If you’re anything like this TV Addict, odds are fairly good that one of the only reasons you tuned into last night’s “Big Game,” aside from (a) the food, (b) the post-Super Bowl episode of THE OFFICE (which embarrassingly enough we failed to get through thanks to reason “a”) and (c) Bruce Springsteen — were the movie trailers.
Which is why we thought we’d defer to our good friends over at theREELaddict.com for a little more in-depth analysis than our usual: “OMG! We cannot wait for J.J. Abrams STAR TREK to beam down!” and “Please G.I. JOE, do not eviscerate all of our fondest childhood memories like TRANSFORMERS did!” Ready?
Says the REEL Addict: As a non-Trekkie I’m certainly excited for this rebooting of this franchise to make it slightly more accessible and mainstream (and noticeably action packed), but does anyone else find that the whole “James Kirk is a loose cannon” angle been pushed so hard in all the promotional stuff is getting old? Maybe even a little worrying?
Adds the TV Addict: Where do I line up and when can I start?
Says the REEL Addict: I can’t say I was a fan of the cartoon growing up, of any Stephen Sommers movie after THE MUMMY, or of any of the posters and/or screenshots that have been released for this film, but apparently if you throw a destroyed Eiffel Tower, some nifty and absurd aerial acrobatics and Dennis Quiad at me I’m sold.
Adds the TV Addict: I’m not sure what worries me more, the inclusion of that-would-have-been-so-cool-five-years-ago “Crouching Tiger” fight choreography or that the trailer actually boasts that GI: JOE is “from the director of THE MUMMY.” Thoughts?
TRANSFORMERS 2: REVENGE OF THE FALLEN
Says the REEL Addict: If you’re a Michael Bay produced/directed sequel to TRANSFORMERS and you get only thirty seconds to make an impression during the Super Bowl what to you do to get people excited? Show them big f—–g robots. I know the first one has a lot of detractors, but as someone who enjoyed the heck out of it, this spot makes it seem like it’s more of the same, and hey, that works for me.
Adds the TV Addict: Considering I fell asleep through the first
glorified toy commercial movie, I have a feeling that I’m not exactly in Michael Bay’s target demographic (read: twelve year olds with too much time on their hands)
ANGELS & DEMONS
Says the REEL Addict: It’s a tell tale sign that when watching this hum-ho promo spot (for a pseudo-sequel to DA VINCI CODE that I’m not sure anyone really wanted), the only reaction it elicited out of me was: “Ewan McGregor is in this?”
Adds the TV Addict: While I’m not exactly running to see Ron Howard’s DA VINCI CODE follow-up, I’m going to at least applaud the man for putting Tom Hank’s hair back to normal. Seriously, what were they thinking?
FAST & FURIOUS
Says the REEL Addict: As someone who actually digs the original, I do sort of welcome the return of the original cast.
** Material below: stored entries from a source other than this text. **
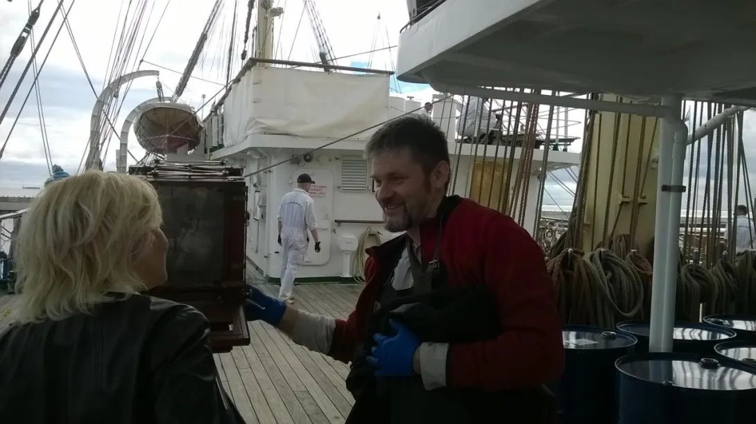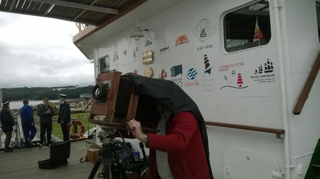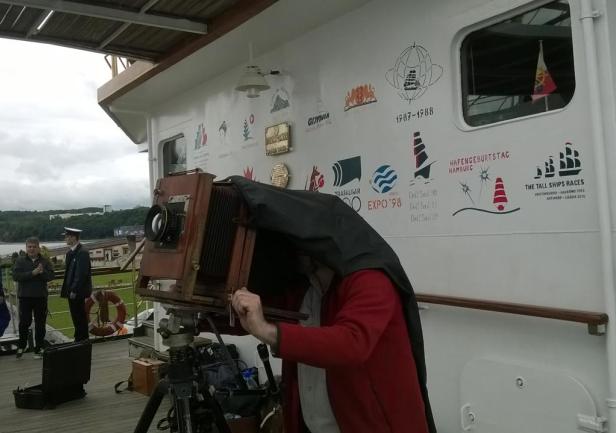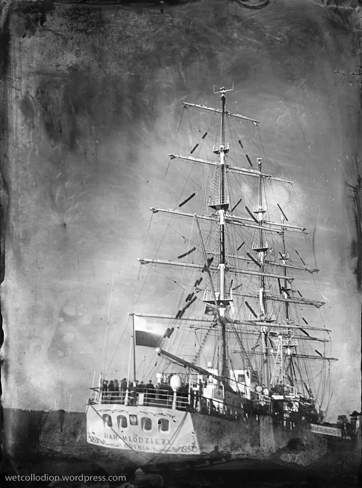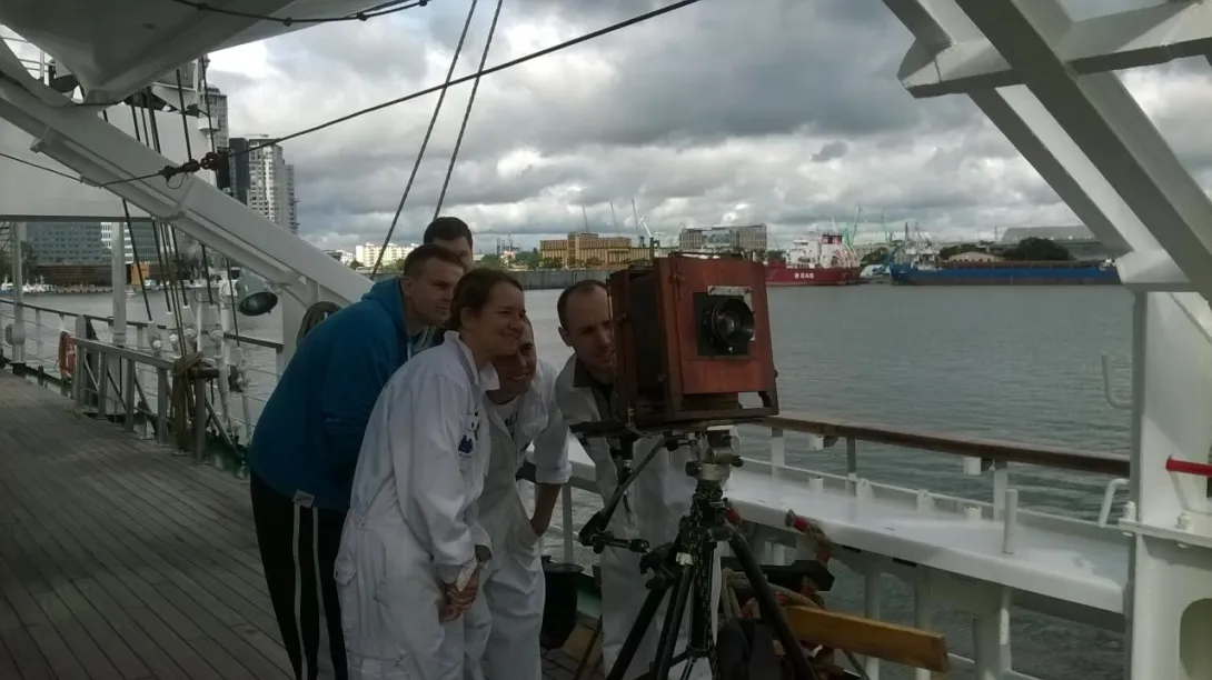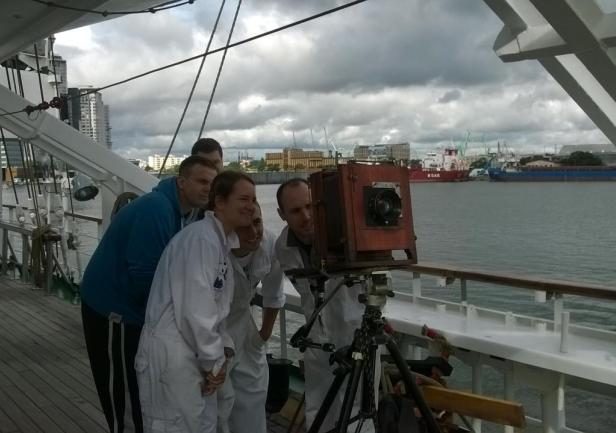 To był niezwykły eksperyment. Na jesienny rejs z Goteborga do Gdyni zaokrętował na „Dar Młodzieży”  pan Andrzej Górski – człowiek zafascynowany XIX wieczną fotografią.  Podczas rejsu wykonał, tradycyjną techniką tzw. mokrego kolodium z pionierskich lat  fotografii , przy użyciu ponad 100-letniego aparatu,  serię zdjęć ukazujących życie żaglowca.
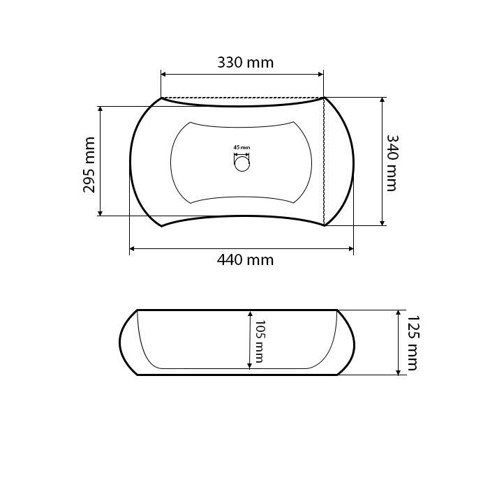 Отвір під перелив:Без переливу
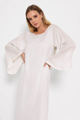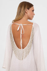 Made in a fabric prettily highlighted by silver sequins lines and shiny yarns, discover our long version of our emblematic dress Indiana. Sightly trapeze this dress has a rounded open back nicely adorned by pendants made up of shiny sequins. The raglan sleeves are flared and bring lightness to the dress. A separate belt can be tied at the waist according to your mood.
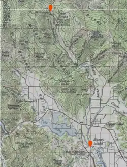 The Middle Creek watershed is underlain by the Franciscan Complex, a chaotic assembly of sediments and ocean floor scraped up by the advancing North American Plate. Rocks include greywacke sandstone, mudstone, greenstone, and blueschist. The Clear Lake basin lies between the watersheds of the Sacramento River and the Russian River. When it was formed about 600,000 years ago it flowed east into the Sacramento Valley. About 200,000 years ago the Clear Lake Volcanic Field blocked its outlet.[3] The lake rose until it found a new outlet, draining west through the Blue Lakes into Cold Creek and the Russian River.[4] At some time in the last 10,000 years a landslide at the west end of the Blue Lakes blocked this outlet, the lake rose again, and created its present outlet via Cache Creek to the Sacramento River.[5]
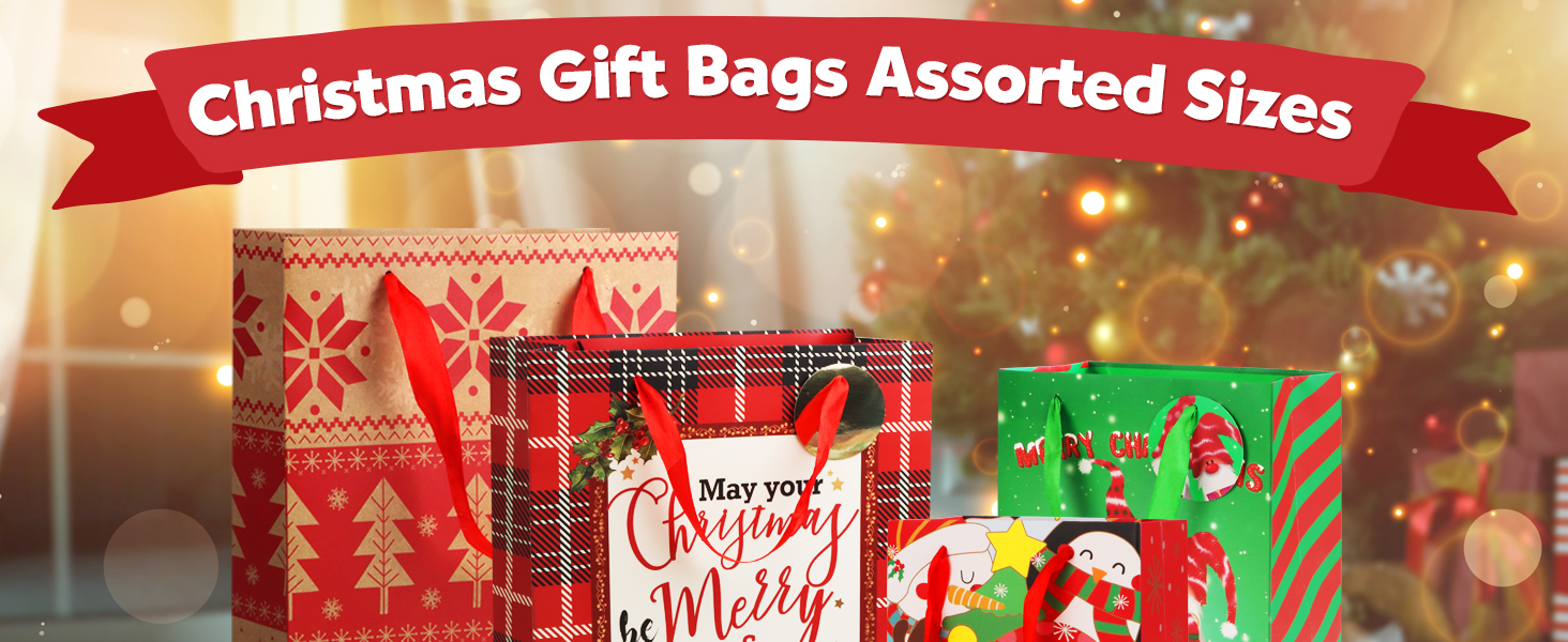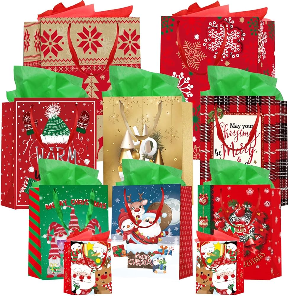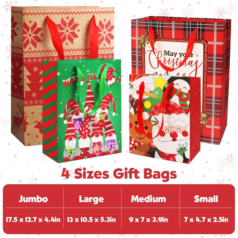 24 حزمة من أكياس هدايا عيد الميلاد بأحجام متنوعة: حقائب عيد الميلاد مع مناديل ورقية، أكياس هدايا كبيرة الحجم، أكياس تغليف هدايا قابلة لإعادة الاستخدام لحفلات أعياد الميلاد وحقائب هدايا العطلات، كبيرة الحجم ومتوسطة وصغيرة

I’m even sort of okay with the blatant attempt to exponentially boost the action, cars are flying everywhere factor. Besides, you have to love the cheeky tag line at the end, reminding us that this is a “new model, original parts.” Makes me think this movie knows what it is, and is okay with it. Except for the fact that it’s so embarrassed it’s a fourth installment it ditches anything that could make you think that.
Adds the TV Addict: Of course the big question remains, will I really be able to pick up on all the underlining themes and appreciate this fourth installment having missed movies one through three?
LAND OF THE LOST
Says the REEL Addict: I don’t know, call me mean, but based on this brief glimpse this look about as good as the special effects on that T-Rex (and that’s despite the fact that I know it’s supposed to be a little bad/funny/campy looking). Then again maybe I’m just bitter I couldn’t see more of the adorable Anna Friel and disgruntled that Matt Lauer seems to be in every film these days.
Adds the TV Addict: Will Ferrell playing a variation of the same character he’s delivered for the better part of a decade. Count us out.
Says the REEL Addict: Largely this promo isn’t nearly as funny as it thinks it is, but the hunter vs. maker conversation and Paul Rudd’s delivery of “Hey, did you shoot my cow?” make it worth checking out. That, and seeing Michael Cera, Jack Black, David Cross and Paul Rudd in a scene together. (Well, okay, maybe not Jack Black).
Adds the TV Addict: Michael Cera, Jack Black, David Cross and Paul Rudd, count us in.
RACE TO WITCH MOUNTAIN
Says the REEL Addict: You know, I don’t know if it’s because it seems like this movie (and The Rock) is trying way too hard, or if it’s so disjointed or out there with its alien story, but something about this just isn’t doing it for me. The Rock’s non-sequesters don’t help either.
Adds the TV Addict: Count us among the many who have undoubtedly wondered why Dwayne “The Rock” Johnson sold his soul to the Disney corporation.